No outro lado da linha, o meu empresário.

─ Já chegaste à Suíça?

─ Acabei de chegar. ─ informei. ─ Não me digas que estás a telefonar-me para saber se cheguei bem?

─ Também. Mas, não só. ─ respondeu. ─ Preciso de um favor teu.

─ Diz.

─ Tens o contacto do teu ex-treinador?

─ O José Luís?

─ Sim.

─ Porquê?

─ Como sabes, o Estoril subiu à Superliga. E os dirigentes querem contratar um novo técnico e falaram-me no nome dele.

─ Mas, acho que ele já assinou por um clube da Superliga. ─ lembrei.

─ Eu vou averiguar isso. A proposta é muito boa, Ivan. Tens o contacto?

─ Tenho. Aponta aí.

Quando desliguei a chamada, Susana aguardava pacientemente à minha frente.

─ Desculpe, Susana! ─ pedi.

─ Não tem importância. Já falei com o motorista. Ele vai levá-lo até Nyon. Não fala português. O Ivan fala francês? Ou alemão?

─ Inglês?

─ Pode ser. Ele também fala inglês.

Desapontado, inquiri:

─ Não me acompanha até lá?

─ Não posso. Tenho que fazer aqui em Genebra. Mas a viagem é curta até lá.

─ Obrigado pela companhia. ─ agradeci.

─ Não tem que agradecer. Não fiz mais que a minha obrigação.

─ Não diga isso assim, Susana. Gostaria de pensar que também foi agradável para si.

─ E foi. ─ confessou com um sorriso tímido.

─ Gostei muito de a conhecer e de conversar consigo, Susana.

─ Eu também. Mas, é melhor despachar-se, pois o senhor está à espera.

Sentia-me como um adolescente. Queria fazer-lhe “aquela” pergunta, mas parecia não ter coragem.

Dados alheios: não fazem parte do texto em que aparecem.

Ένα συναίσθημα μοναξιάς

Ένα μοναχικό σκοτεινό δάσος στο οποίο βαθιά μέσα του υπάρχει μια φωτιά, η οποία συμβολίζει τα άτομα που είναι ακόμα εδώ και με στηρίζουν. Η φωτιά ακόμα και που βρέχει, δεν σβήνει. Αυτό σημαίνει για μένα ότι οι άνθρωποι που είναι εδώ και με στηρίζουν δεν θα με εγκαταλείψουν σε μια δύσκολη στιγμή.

─ Então? Que espera? ─ interrogou ela, apressando-me.

─ Posso voltar a vê-la? ─ perguntei a medo.

─ Não me parece que seja boa ideia. ─ recusou, ceifando as minhas pretensões.

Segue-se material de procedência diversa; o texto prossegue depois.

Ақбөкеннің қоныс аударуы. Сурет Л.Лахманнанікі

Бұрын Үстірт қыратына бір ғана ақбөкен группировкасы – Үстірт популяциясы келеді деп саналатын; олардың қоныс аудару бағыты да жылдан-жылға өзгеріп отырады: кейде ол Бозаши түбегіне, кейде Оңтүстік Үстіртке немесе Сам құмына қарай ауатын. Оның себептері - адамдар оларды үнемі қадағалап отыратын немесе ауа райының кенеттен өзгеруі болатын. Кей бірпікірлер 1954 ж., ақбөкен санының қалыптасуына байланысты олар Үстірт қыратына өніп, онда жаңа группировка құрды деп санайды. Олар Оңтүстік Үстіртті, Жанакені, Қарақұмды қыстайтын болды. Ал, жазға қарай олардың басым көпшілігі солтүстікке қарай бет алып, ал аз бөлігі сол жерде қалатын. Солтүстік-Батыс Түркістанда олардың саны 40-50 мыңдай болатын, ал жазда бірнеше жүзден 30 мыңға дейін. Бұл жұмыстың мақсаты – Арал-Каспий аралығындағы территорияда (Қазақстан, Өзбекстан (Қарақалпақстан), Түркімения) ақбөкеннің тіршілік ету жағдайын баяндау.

─ Nem que fosse para um jantar e uma conversa?

─ Não, Ivan. ─ recusou novamente. ─ É melhor não, acredite. E além disso, deve concentrar-se naquilo que tem pela frente.

─ É o que estou a fazer. ─ respondi, acentuando o olhar sobre ela.

─ Referia-me ao Benfica. ─ explicou. ─ Não fui mais que a sua companhia numa viagem de avião. Por favor, não se esqueça disso. Boa sorte para a sua carreira!

─ Mas...

Não pude dizer mais nada, limitando-me a vê-la afastar-se na direcção do parque automóvel, onde entraria noutro carro que a levaria ao seu destino.